Born in Washington, D.C., Beattie grew up in Chevy Chase, Washington, D.C., and attended Woodrow Wilson High School.[1] She holds an undergraduate degree from American University and a master's degree from the University of Connecticut.[2]
She gained attention in the early 1970s with short stories published in The Western Humanities Review, Ninth Letter, the Atlantic Monthly, and The New Yorker. In 1976, she published her first book of short stories, Distortions, and her first novel, Chilly Scenes of Winter, which was later made into a film.[2]

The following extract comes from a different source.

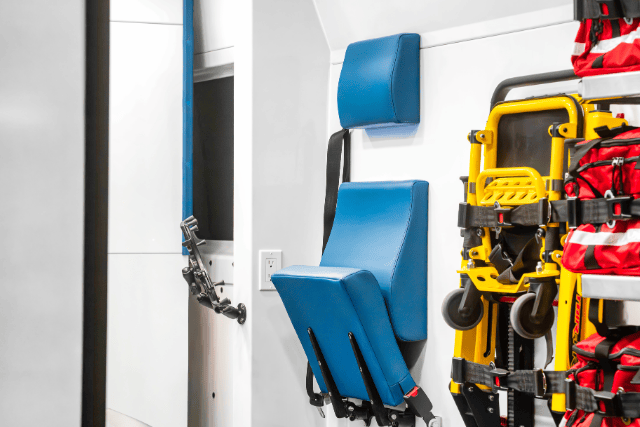 - Bulkhead with pass-through: Keeps the cab and patient area separate while still supporting communication.

Beattie's style has evolved over the years. In 1998, she published Park City, a collection of old and new short stories, about which Christopher Lehman-Haupt wrote in The New York Times:
Beattie has taught at Harvard College and the University of Connecticut and was for a long time associated with the University of Virginia, where she was first appointed as a part-time lecturer in 1980. She later became Edgar Allan Poe Chair of the Department of English and Creative Writing in 2000 and remained at UVA until 2013, when she resigned over disappointment at the direction in which the university was heading.[3] In 2005 she was selected as winner of the Rea Award for the Short Story, in recognition of her outstanding achievement in that genre.
Her first novel, Chilly Scenes of Winter (1976), was adapted as a film alternatively titled Chilly Scenes of Winter or Head Over Heels in 1979 by Joan Micklin Silver, starring John Heard, Mary Beth Hurt, Gloria Grahame, and Peter Riegert. The first version was not well received by audiences, though upon its re-release in 1982, with a new title and ending to match that in the book,[4] the movie was successful, and is now considered a cult classic.[5] She was elected a Fellow of the American Academy of Arts and Sciences in 2004.[6]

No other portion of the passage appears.